A small deer appeared on the other side of the water. It was small and delicate. Probably would taste nicer than fish. But I wouldn’t have killed it, even if I had a weapon. It was just a baby. My lack of killer instinct would probably get me killed one day. The deer took a sip of water.
A fish jumped out of the lake, arching its body as it shot out a jet of liquid that hit the deer. It froze, then toppled forward into the water. As soon as it hit the water, it came back to life, struggling to get out. The water around it churned, thrashing wildly, as the deer was stripped of its flesh in seconds.
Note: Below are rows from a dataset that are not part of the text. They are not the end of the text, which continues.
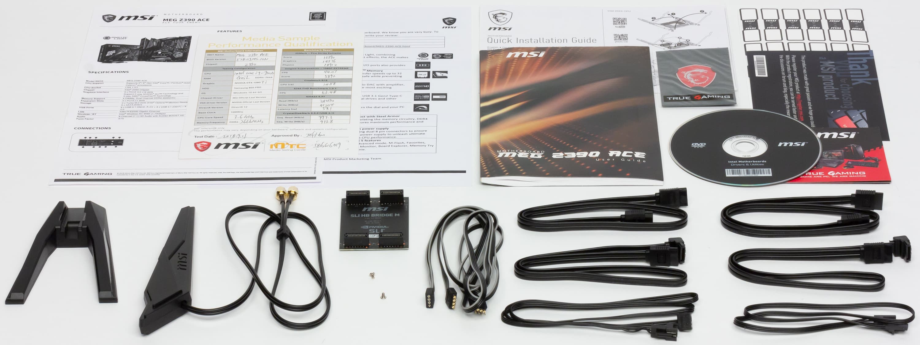 Комплект поставки, кроме традиционных элементов типа руководства пользователя, диска и кабелей SATA (что уже много лет является обязательным набором ко всем материнкам), есть выносная антенна с подставкой для беспроводных соединений, разветвители для подключения подсветки, винтики для монтажа модулей M.2, бонусные стикеры и наклейки и адаптер Nvidia SLI.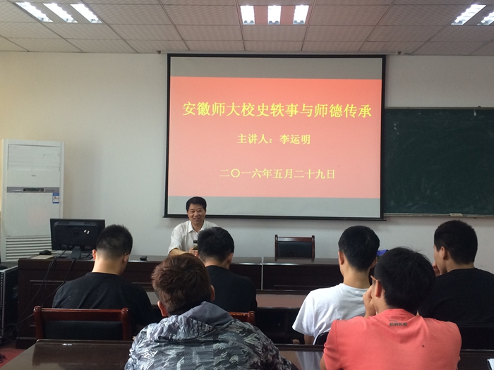 本网讯(英国正版365官方网站 葛晓婕)2016年5月29日下午,校关工委报告团李运明老师应邀在英国正版365官方网站行政楼一楼会议室为2015级专业员工做“安徽师大校史轶事与师德传承”专题讲座,讲座由辅导员张迪主持。
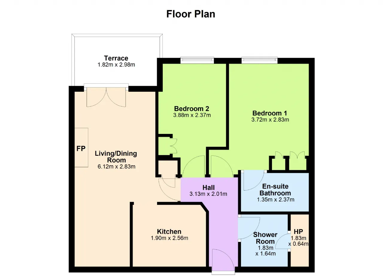 The main bedroom is a generously proportioned double room with built-in wardrobes and a fully tiled en suite bathroom. The main shower room is similarly appointed, incorporating a shower enclosure and a discreet storage cupboard housing the hot water tank.

I didn’t feel like doing any more fishing after that.
I found a branch, stripped it down to a pole using my dagger, my one piece of equipment, and attached the fish to it. I hoisted the pole onto my shoulder, and set off back to the city.
No more messing about. Sell the fish, buy a boat ticket, get to Arthur’s shrine and kit myself out in BiS gear. If I wanted to survive on my own, I couldn’t afford to piss about. All the movies, books and video games about worlds like this one had given me a clear idea of what to expect here, and how to handle it. And it had paid off. I was still alive. My party was still alive, somewhere, thanks to me. I had what it took, I just needed to realign my focus.
And I had access to someone who knew this world back to front. Everything I wanted to know, I could ask her. I didn’t need Maurice and his stupid fucking notebook.
“Why are we here?” I asked her, to get the ball rolling.
“I have no idea.”
“Where do we get our abilities from?”
“I wish I knew.”
“How did Peter control the spires?”
“He was always too secretive to tell us.”
I didn’t need her help. I could do just as well flying by instinct.
“The city’s in the other direction.”
“Leave me alone.”
Sell the fish, get on a boat, don’t look back. It was a good plan. It was my only plan, but it involved getting as far away as possible from everybody, so it was a great plan.